CONCORD, Calif. (BCN) — The Concord City Council on Tuesday unanimously voted to adopt a residential tenant anti-harassment protection ordinance.
“The policy is simple: be kind to one another, respect one another, and be fair,” Councilmember Tim McGallian said.
The ordinance prohibits landlords from harassing tenants. It requires landlords to notify tenants about unit renovations, prohibits renovating for the purpose of getting the tenant to vacate, and prohibits landlords from forcing an existing tenant to agree to a new term of tenancy unless the changes are allowed by state law (or at the end of a tenant’s existing lease).
It spells out rules about landlord retaliation, landlords entering units, removing services and misrepresenting conditions to force a tenant to move, giving tenants the right to receive rental receipts and pay through various means.
The ordinance also covers what defines a lawful eviction and would require violators to pay fines.
“I heard too many stories of landlords being bad actors, and too many stories of landlords violating the rights that tenants do have,” said Mayor Dominic Aliano. “And yes, I do understand that there are good landlords out there, but we have to discuss implementing something like this to protect our community from certain landlords acting in bad faith.
“If you’re a good landlord and you do things the right way, I believe then you are not going to truly be affected by this,” Aliano said.

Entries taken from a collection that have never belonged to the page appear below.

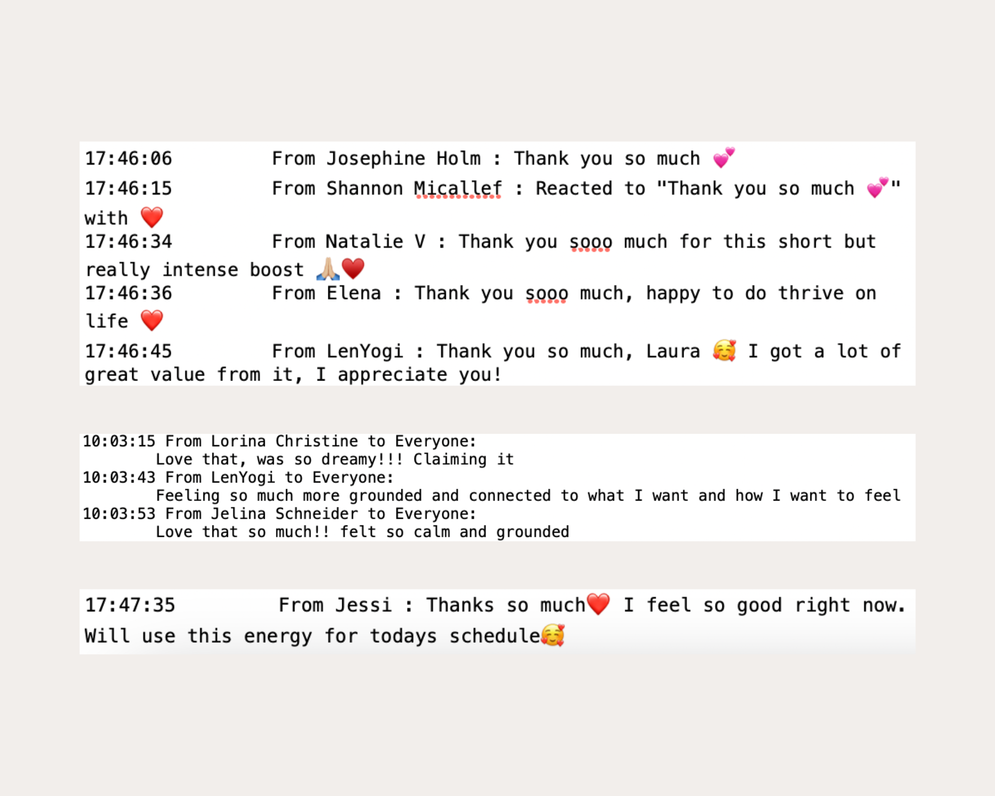 I am now more aware of which unconscious patterns have been blocking me from embodying my feminine energy in my life and business. I have taken big steps towards healing my feminine and getting rid of perfectionism tendencies. I created a better morning and evening routine and I am actually sticking to it versus before when it was on and off. I am allowing myself to listen to myself more and feel myself more. It is good and necessary to learn from those who have mastered what you want to achieve and how you want to live. The Thrive on Life program is a great place to learn from Laura!"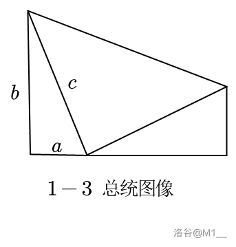 - 作法:构建两个全等三角形,使得三角形的斜边为 \(c\) , 两条直角边分别为 \(a\),\(b\) 。以斜边 \(c\) 的长度为边长,构建一个等腰直角三角形,拼接三个图形,使其成为一个梯形,如图 \(1-3\) :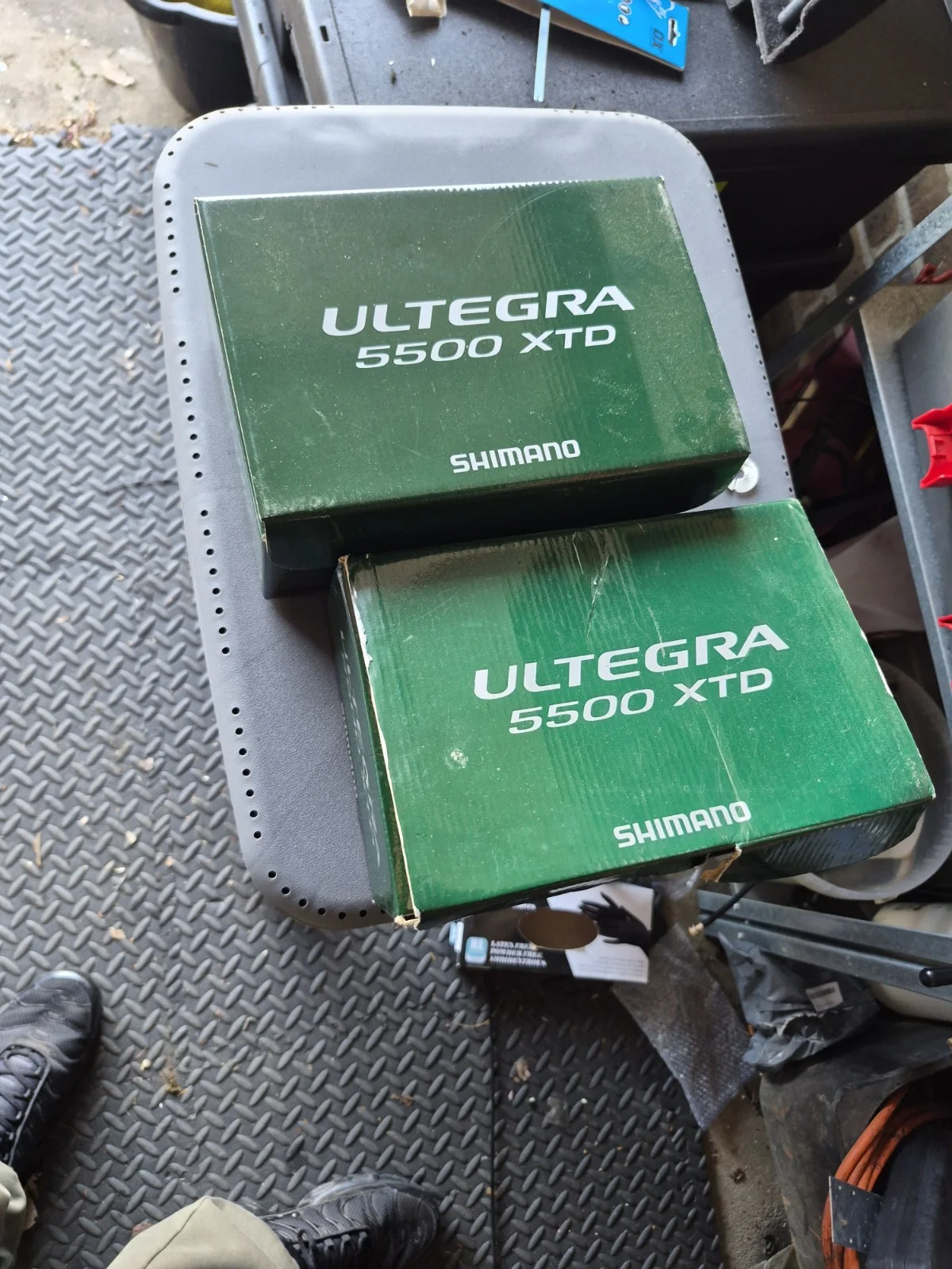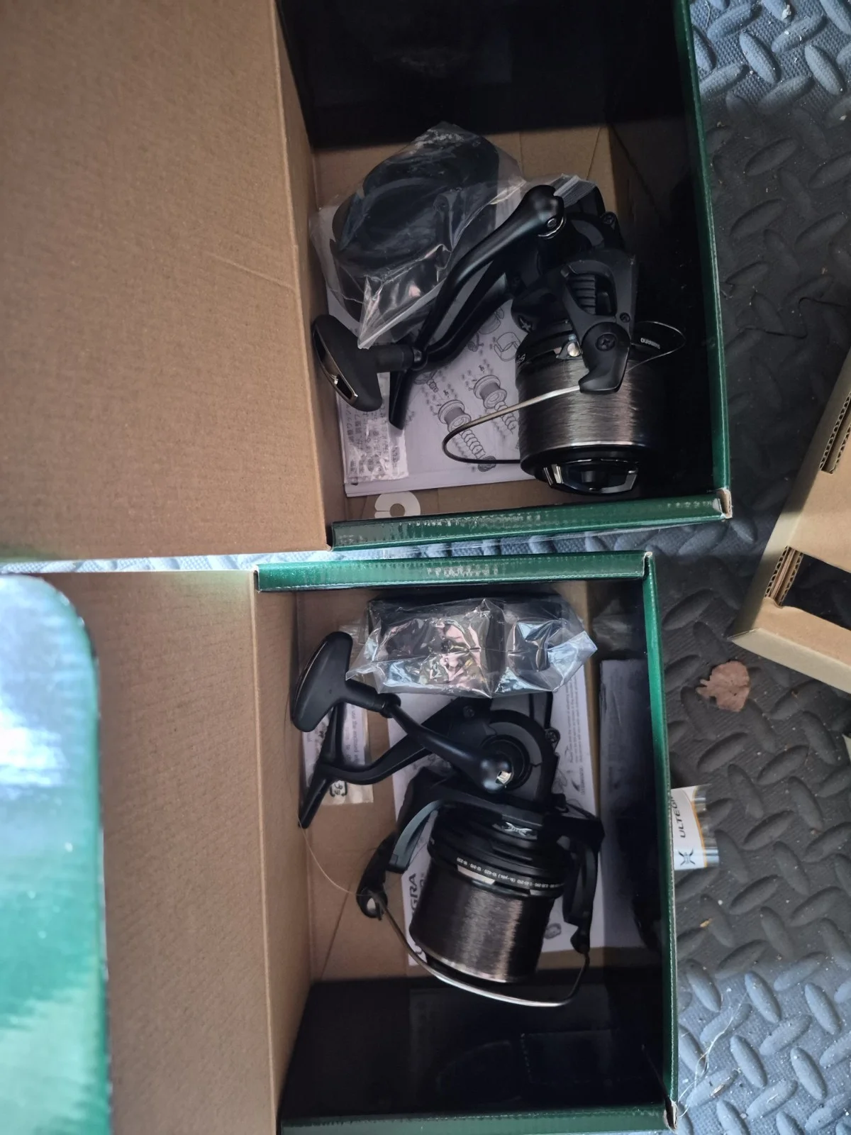 The Shimano Ultegra 5500 XTD Reels X 4come with boxes and reducers also 2 spare spools which currently have braid on one and floating line on other main reels are loaded with 15lb esp synchro line currently this may be taken off in next few days if i get my new reels as its fresh lineare a set of high-quality spinning reels designed for carp fishing. Made from aluminium, these reels feature a sleek black colour and a durable construction. With a gear ratio of 5.3:1, these reels offer smooth and reliable performance, while the front drag system allows for easy control. The 58 cm per turn line recovery ensures efficient retrieval, and the 30 lb/350 yd braid capacity provides ample strength for handling larger fish. Perfect for both left and right-hand retrieve, these reels are suitable for unisex adults and come with a 1-year manufacturer warranty.

The city has been working on the ordinance since June 2021, getting input from the public and the city’s housing and economic development committee.
Tenant rights groups applauded the decision.
Concord-based Monument Impact released a statement Wednesday saying Concord will join major California cities including Long Beach, Oakland, Los Angeles, Berkeley and Richmond “to meaningfully address landlord harassment and ensure fairness for tenants.”
“With passage of this ordinance, Concord is one step closer to being a place where immigrants, refugees and low-income neighbors can live in safe, stable homes,” said Debra Ballinger, executive director of Monument Impact.